I suppose I invest a lot in my career, perhaps too much. Instinctually I want to surround myself with lots of fun people and distract myself from frustrations, but this would not solve the underlying problem that I apparently do not know what to do with my own life. Is going out, meeting people, getting drunk, laughing and joking, romancing them… the whole point? Is that it? I’ve searched deep in myself to conclude that people are the be all and end-all. But you couldn’t just sit in a room with a group of people and talk forever without some stimulus, without something more.
I want to continue to work on improving myself physically, mentally, and spiritually, until such time as I have more of inkling on where to direct the next stage of my life. I must try to always remember to treat people with kindness, compassion, love, and respect. I must seek to uplift and inspire, not denigrate and disrespect.
It almost doesn’t really matter where you are… or what you’re doing… or who you are. If you can treat other people with love and compassion, in a mindful, serene way, perhaps all manner of good things can be accomplished. Perhaps they will feel good, and perhaps you will too.
In a way I’m worried about my own happiness far too much. I KNOW that this is an illusion, I KNOW that worrying about my own joy and happiness is the fastest way to assure it will be far from my side, and I KNOW that concerning myself with the happiness of others, conversely, will have the opposite effect. Still, if it would make others happy for me to spend my day working while they play video games, I’m not really sure what to make of that. Perhaps I’m overstating…

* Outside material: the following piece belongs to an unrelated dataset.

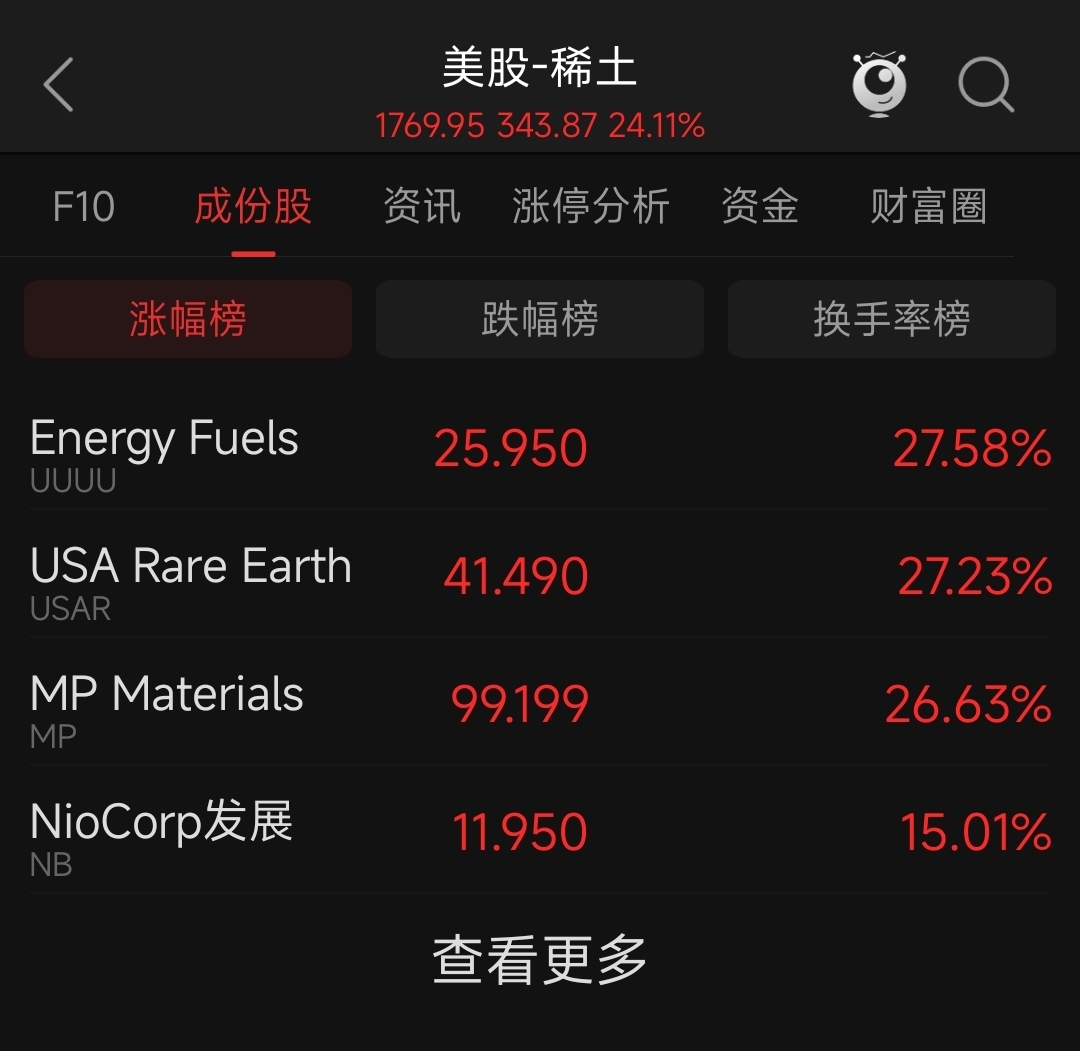 美股稀土大涨超20%,稀土正式进入战略资源竞赛环节,是双方资本的实力较量,已经不

I am reminded of the 4 immeasurables, sublime attitudes, and I believe it would be ideal of me to incorporate these into my regular meditations, morning and night.
1. Loving Kindness
2. Empathetic Joy
3. Equinamity
4. Compassion
I will make these abodes home, soak mind in them til they are habitual. Til I reach for them as naturally as a child for their mother. Til every being around me feels the presence of the four in my very presence. Til my presence itself is pervasive among the entirety of reality, of which I am a part.